In some embodiments, as illustrated in FIG. 12, the present disclosure provides systems and methods leveraging a feature extraction layer 1208 (e.g., unsupervised learning techniques) for the identification of higher-order molecular signals, phenotype signals, or population signals from lower-order molecular signals, phenotype signals, or population signals 1204 associated with individual molecular variants 1202, including but not limited to feature learning (or representation learning) techniques deploying Artificial Neural Networks (ANNs) 1210 to generate auto-encoders capable of leveraging subjacent associations to yield higher-order representations of lower-order molecular, phenotype, or population signals. In some embodiments, these methods allow the construction of databases lower- and higher-order molecular signals, phenotype signals, and population signals 1214. In some embodiments, the feature extraction layer 1208 may access or receive data from annotation features 1206, in addition to the lower-order molecular signal, phenotype signals, or population signals 1204. In some embodiments, the annotation features 1206 may encompass a plurality of independent (e.g., non-assayed) features (e.g., evolutionary, population, functional (e.g., annotation-based), structural, dynamical, and physicochemical features associated with variants, genomic coordinates, transcript (e.g., RNA) coordinates, translated (e.g., protein) coordinates, amino acids, and various others as would be appreciated by a person of ordinary skill in the art), describing changes associated with the changes in genotype (e.g., sequence, molecular variants, etc.).
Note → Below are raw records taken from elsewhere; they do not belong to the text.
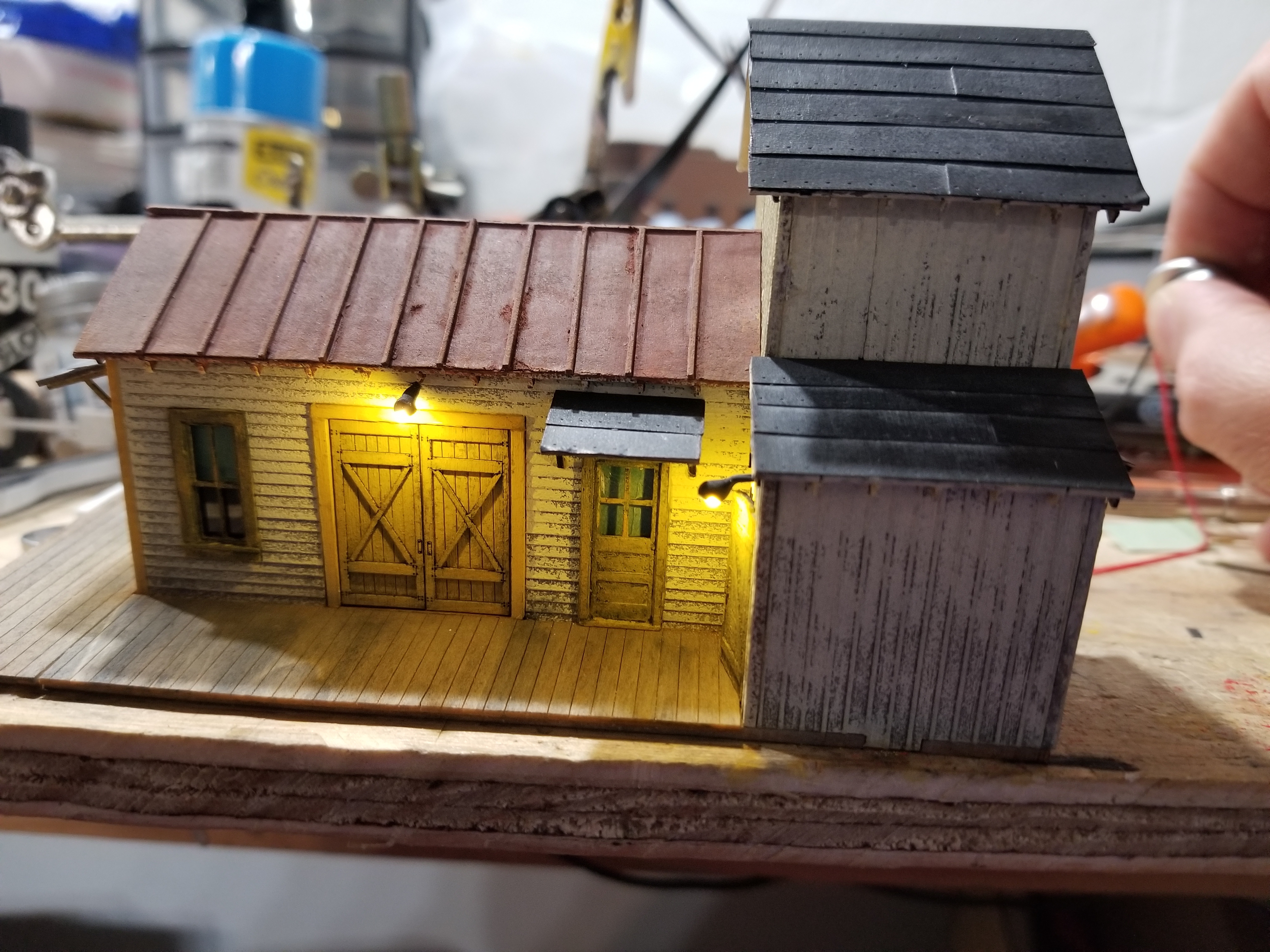 I never had a set that come with those cardstock TYCO buildings Chops thanks for sharing. The building I've been working on is a Walthers laser kit found in the hobby shops half off bin from someone opening it. Lucily all the parts were there. The lights I added are from a Doller Tree light set. Bill
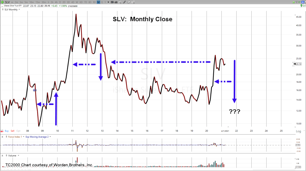 Now, let’s look at the monthly close of silver (SLV):
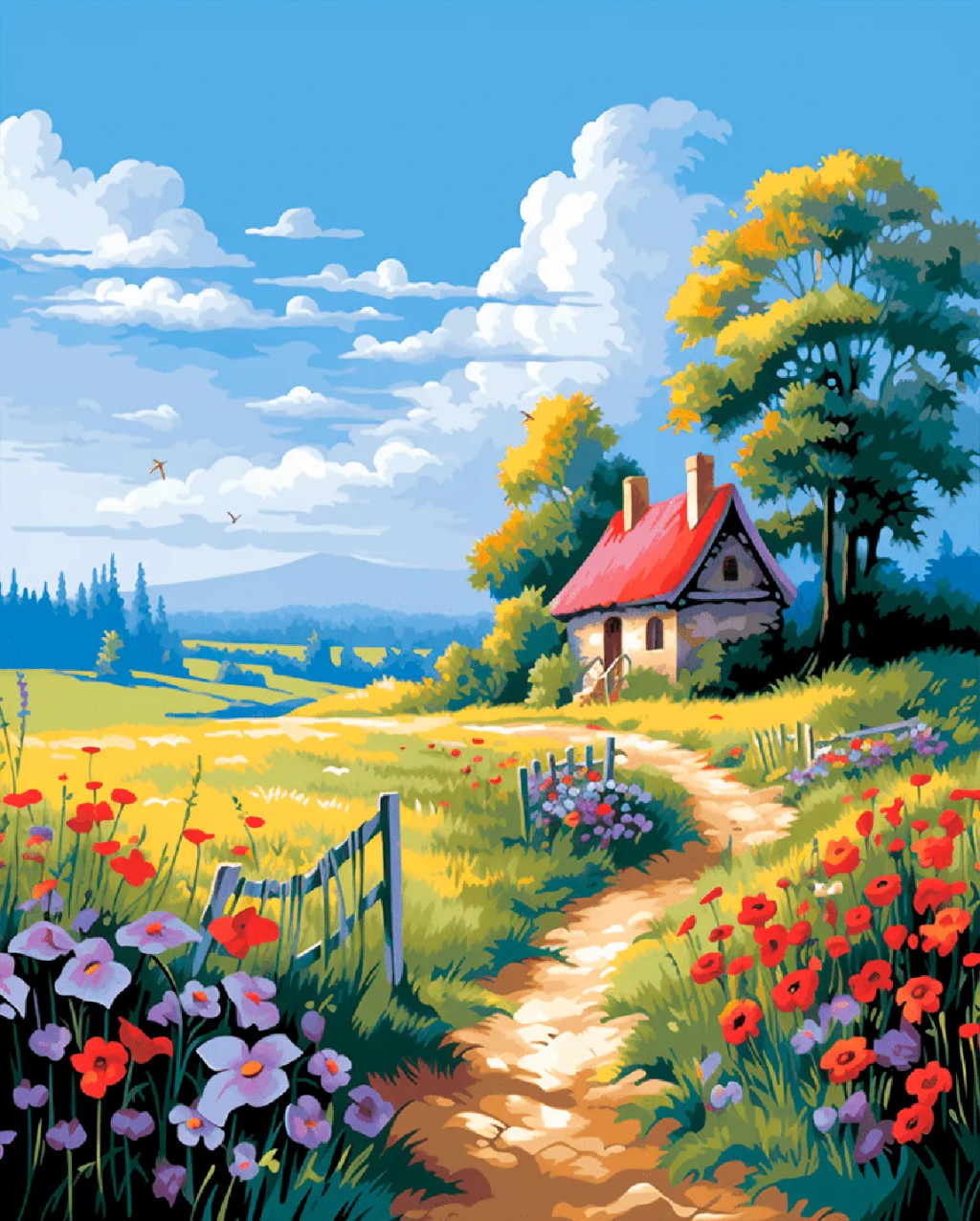 Keretre feszített, számozott kifestőkészlet előrajzolt vászonnal, akrilfestékekkel, ecsettel és segédlettel.
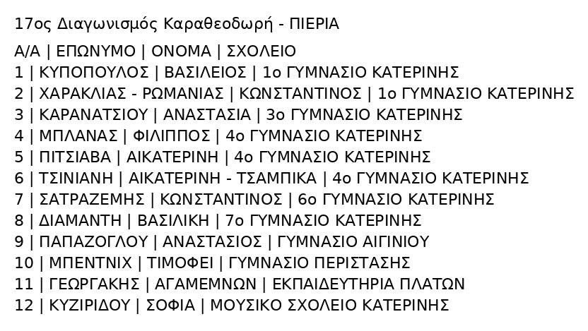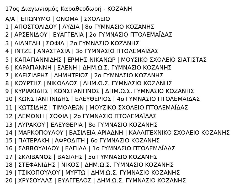 – τους μαθητές και τις μαθήτριες που συμμετείχαν στον ευγενή αγώνα του πνεύματος και τους καλούμε να συνεχίσουν την προσπάθεια.
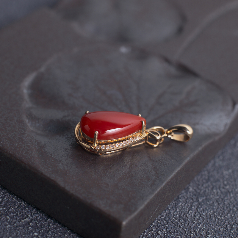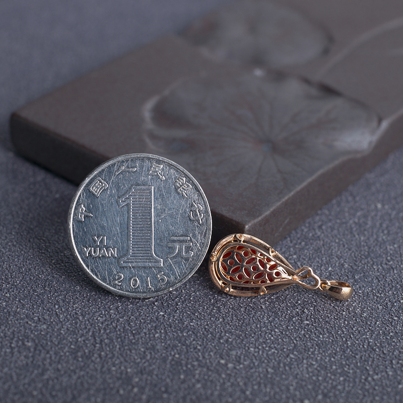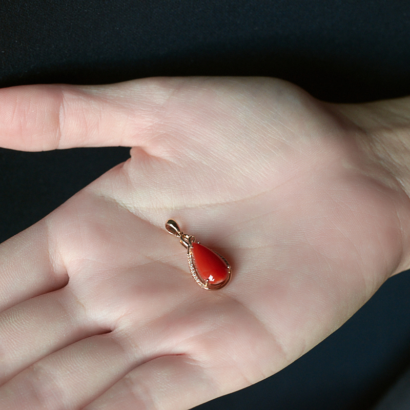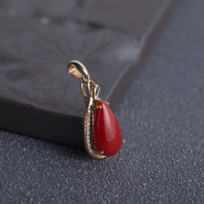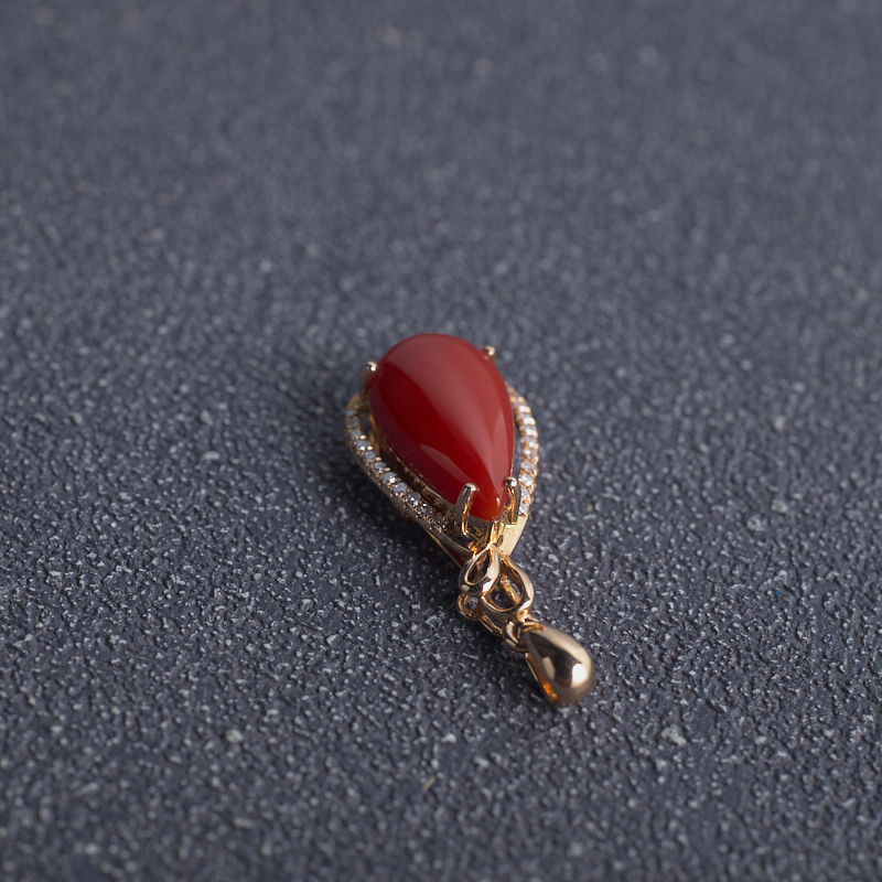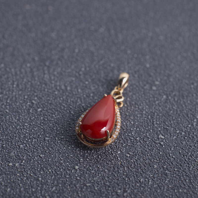 • 18K阿卡牛血红珊瑚水滴吊坠
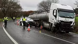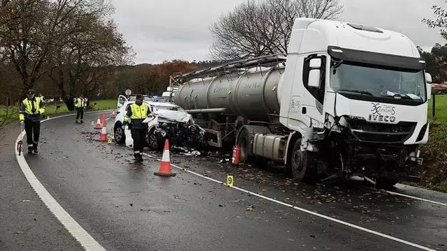 Dos personas perdieron la vida en un accidente de tráfico que tuvo como marco Arzúa. Ocurrió en el kilómetro 67 de la carretera nacional N-547, tras una colisión frontal entre un camión y un coche. Precisamente, las dos víctimas eran las ocupantes del segundo vehículo. Los fallecidos son un hombre, iniciales A.M.C, y una mujer, J.B.S., ambos de 72 años.
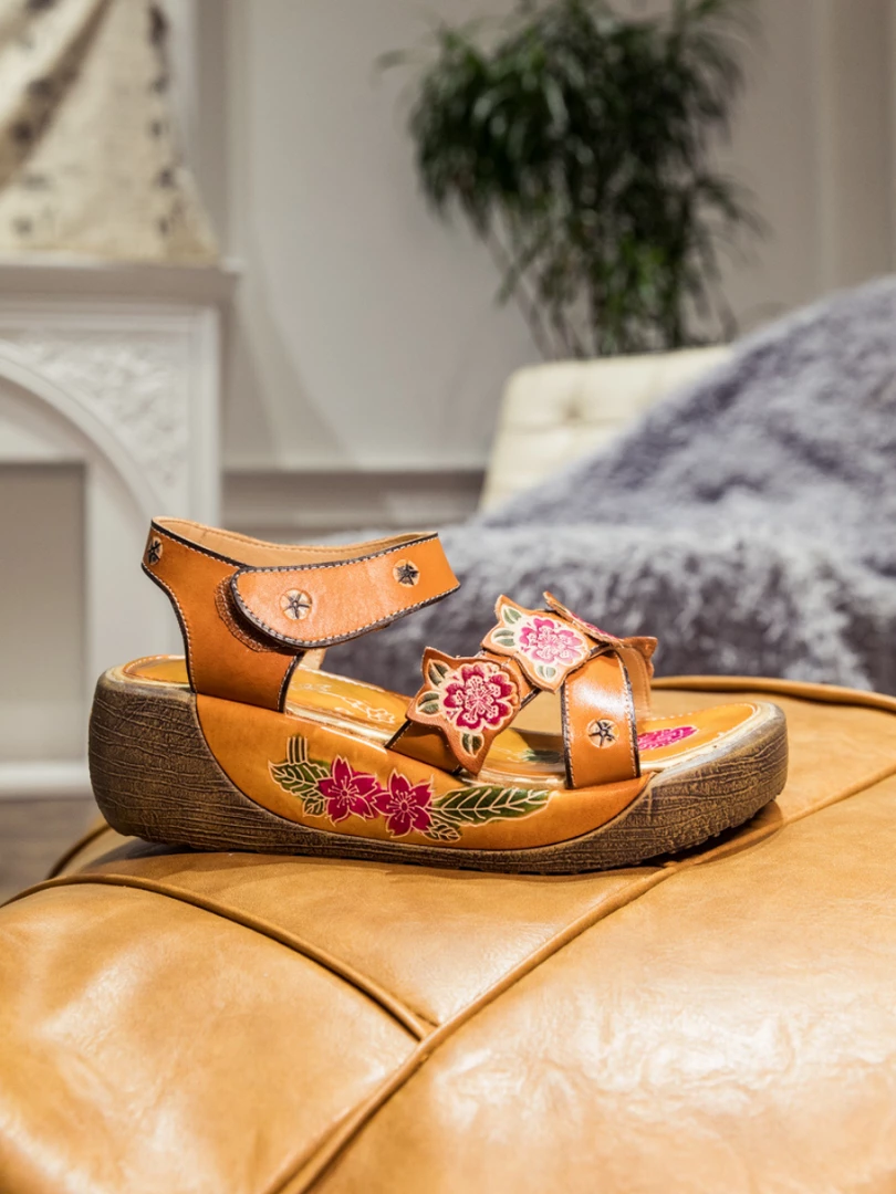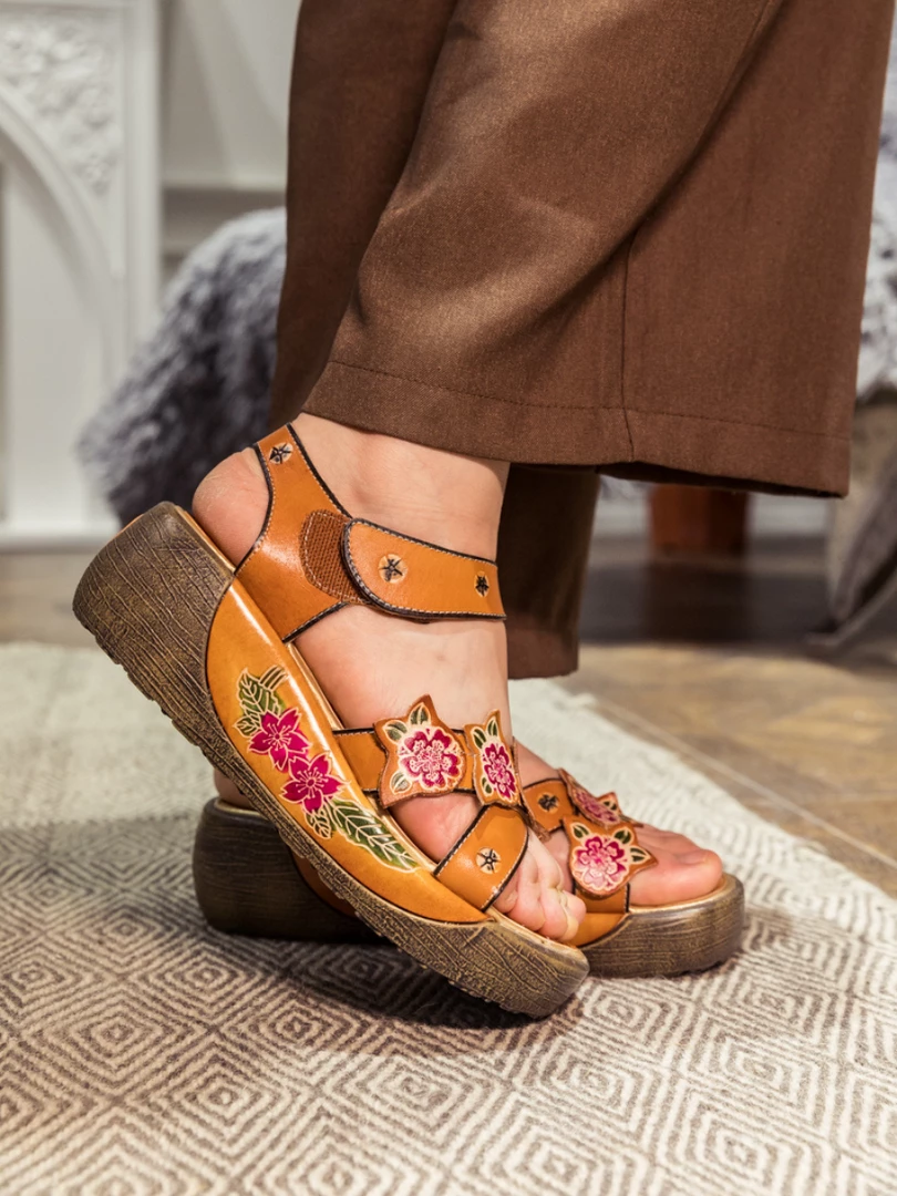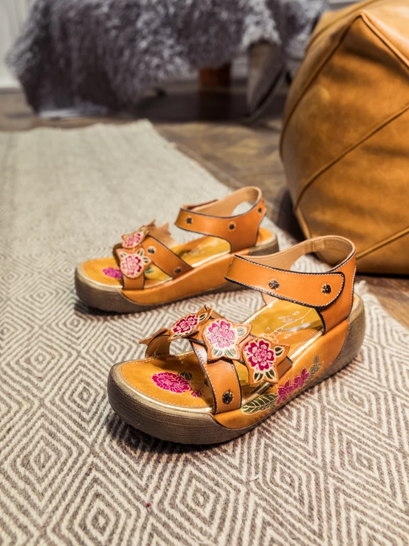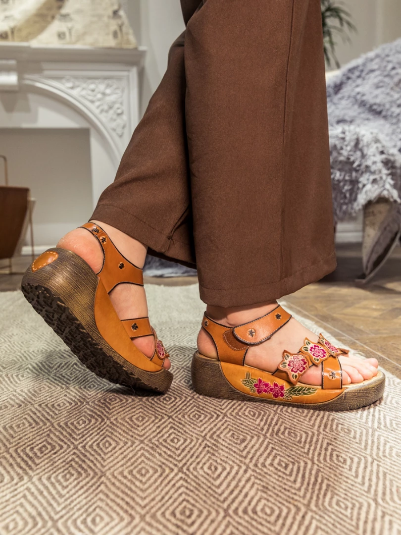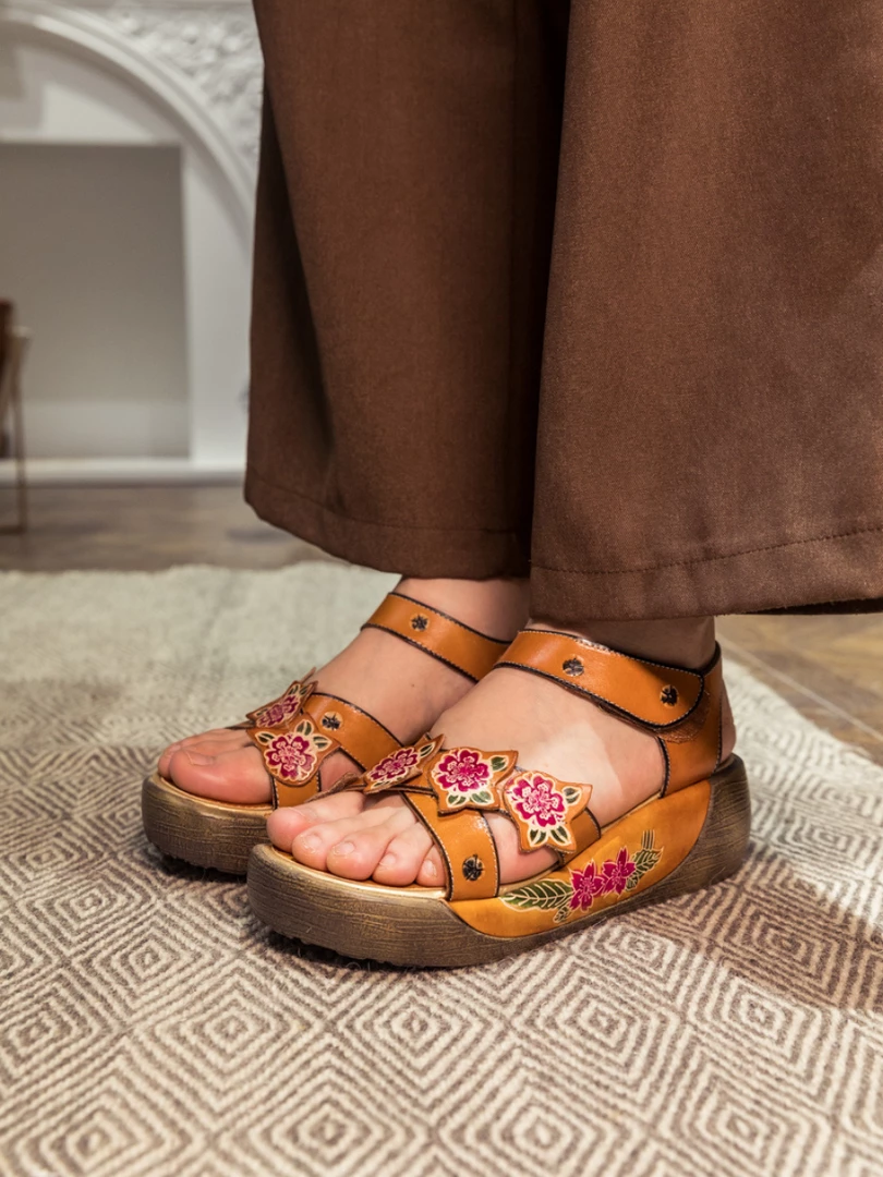 Made from fine leather and adorned with contrasting details, these mary jane style sandal will make you the center of attention the moment you stride into the room. A light weight platform sole with anti-skid traction lends height to your look and ensures a steady step.

In some embodiments, the present disclosure describes the use of molecular state-specific, lower-order molecular signals or phenotype signals for the derivation of molecular state-specific higher-order molecular signals or phenotype signals. In some embodiments, the present disclosure describes the use of multi-state matrices of lower-order molecular, phenotype, or population signals to derive multi-state higher-order molecular, phenotype, or population signals, leveraging structured relationships between molecular signals across molecular states, such as structured gene expression patterns (e.g., molecular signals) across cell-cycle stages (e.g., molecular states). In some embodiments, the present disclosure describes the use of Convolutional Neural Networks (CNNs) to learn patterned-associations in molecular, phenotype, or population signals (and annotation features) across molecular states.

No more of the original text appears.